---
name: "prog-expert-tts-stt-integration"
description: "Use when you need to implement TTS (text-to-speech) or STT (speech-to-text) integrations in Nuxt 3/Nitro applications, including Deepgram streaming STT via WebSocket, ElevenLabs TTS, browser MediaRecorder, and audio settings management. Expert-level programming and pattern management."
metadata:
  stage: "alpha"
  source: "MIGRATED"
  requires:
    - "impl-experts-js-contract"
  env_vars:
    DEEPGRAM_API_KEY: "Required for STT. Your Deepgram API key."
    ELEVENLABS_API_KEY: "Required for TTS. Your ElevenLabs API key."
---

# Prog Expert TTS/STT Integration

## Goal
Expert-level implementation of audio I/O integrations in Nuxt 3 + Nitro applications. Covers Deepgram streaming STT via WebSocket proxy, ElevenLabs TTS, browser MediaRecorder API, audio settings, and multi-provider configuration.

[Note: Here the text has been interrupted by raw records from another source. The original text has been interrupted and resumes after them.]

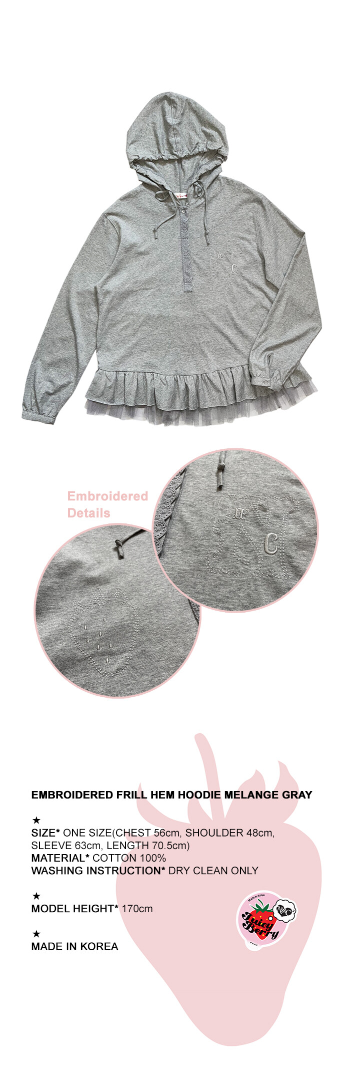 EMBROIDERED FRILL HEM HOODIE MELANGE GRAY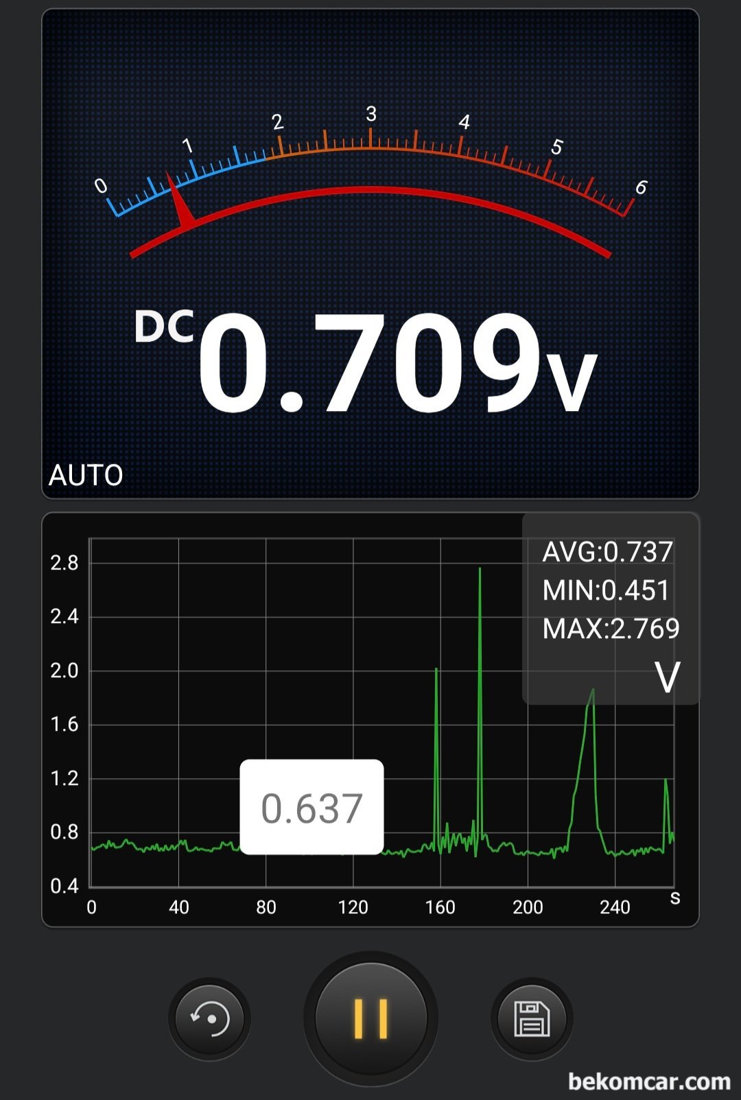 중요한 센서 데이터는 꼭 실제 측정이 필요하다. 진단기 MAF센서 신호전압에 이어, DMM으로 직접 MAF센서 시그널배선에서 측정한다. DMM에서도 매우 낮은값을 보여주고 있다. RPM별 그리고 스냅샷 테스팅(~4.0V이상) 을 해서 MAF센서 상태를 진단한다. 보통은 차량별로 0.70V~4.50V정도이다.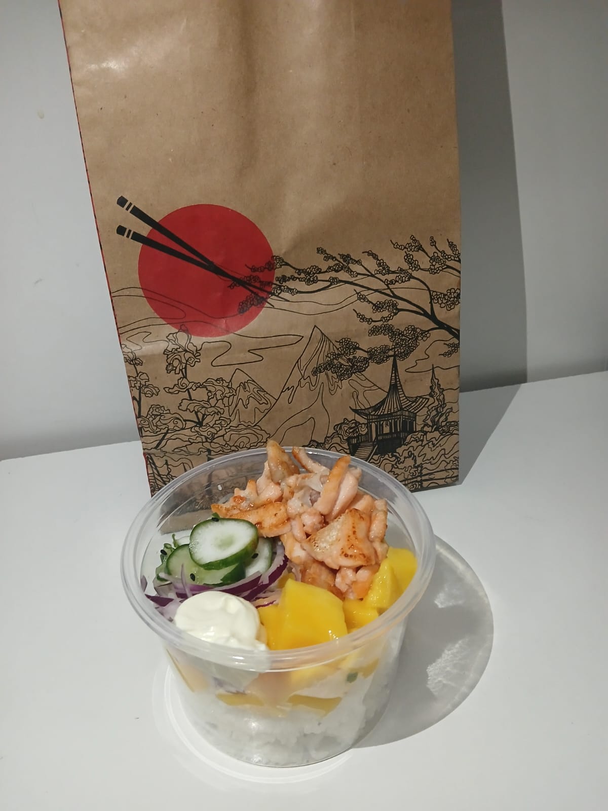 Poke de salmão, com opção de recebê-lo grelhado, com sunomono, manga, cebola e cream cheese, uma opção refrescante e nutritiva.

## Core Workflow (Progressive Disclosure)

1. **Context Analysis**: Identify if the task is STT (input/transcription) or TTS (output/speech), and which provider is involved.
2. **Knowledge Retrieval**:
   - Check `recipes/` for matching implementation patterns.
   - Read `references/patterns.md` for architectural patterns and code snippets.
   - Check `references/versions.json` for current provider SDK versions.
3. **Implementation**: Follow the layered architecture (see below). Leverage `atomic-examples/` for isolated building blocks.
4. **Learning**:
   - After successful implementation, extract patterns via `programming/prog-expert-advisor/scripts/learn.py`.
   - Create/refine recipes in `recipes/` using `scripts/manage_recipes.py`.

## Architecture Overview

```
Browser                        Nitro Server                   External APIs
──────────────────────────────────────────────────────────────────────────
MediaRecorder (WebM/Opus)  →  WS /api/transcribe-stream  →  Deepgram WSS
                          ←  {type,transcript,is_final}  ←

POST /api/speak (text)     →  AgentManager.speak()        →  ElevenLabs REST
                          ←  ReadableStream (mp3)         ←

Audio() .play()            ←  sendStream(event, stream)   ←
```

## Instructions

- **Package manager**: Always use `bun` for this project.
- **Before starting**: Search `recipes/` for relevant patterns.
- **STT streaming**: Always proxy through Nitro WebSocket — never expose Deepgram API keys to the browser.
- **TTS streaming**: Use Nitro's `sendStream()` to pipe the ElevenLabs ReadableStream directly to the client.
- **Settings resolution**: API keys come from env vars first, then `data/settings.json`. Throw clear errors if missing.
- **Cleanup**: Always stop MediaRecorder tracks and close WebSocket on component unmount.
- **MIME type**: Use `audio/webm;codecs=opus` for MediaRecorder; Deepgram accepts it natively.
- **Language**: Support `auto` (detect_language=true), `multi` (detect_language=true&multi_channel=true), or specific codes.
- **After new recipe**: Add it to `recipes/README.md` index.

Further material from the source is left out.